What’s one concrete action leaders in business could take right now?
I’ll give you two. First, put your money where your mouth is and invest in women. Evaluate your procurement processes to establish a baseline dataset on how your company brings in suppliers. Stipulating that even 10 percent of your company’s suppliers must be women-founded businesses or adhere to diversity practices your company values (a gender-equal board, for example) could have an immense impact. A number of leading companies have stepped up, making financial commitments to support women entrepreneurs along these lines, including Walmart and Microsoft.
Secondly, work from the inside out to equalize parental leave in your organization. Normalize men taking just as much time off as women, and stop calling it maternity leave.

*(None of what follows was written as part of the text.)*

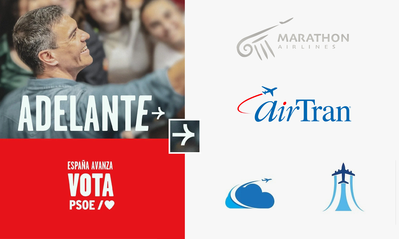 Pues bien, recientemente en las redes sociales también se han hecho eco de un curioso detalle: la propaganda electoral del PSOE podría estar repleta del famoso avión del presidente. Y es que los publicistas encargados de la imagen electoral del PSOE han empleado en sus recursos gráficos una suerte de flecha que bien recuerda a las de las líneas aéreas.

A 2018 Harvard Business Review article cites the sliding scale of issues new mothers in high-income countries encounter the longer they are away from paid work: their probability of promotion decreases; they are less likely to move into management or receive a pay raise once their leave is over. New mothers are also at greater risk of being fired or demoted. Women who take longer leave are often unfairly judged to be less committed to their jobs than those that choose not to have children or take less time away from the workplace when they do. This is at odds with a key motivation for parental leave legislation: enabling women to pursue motherhood without sacrifice to their career success.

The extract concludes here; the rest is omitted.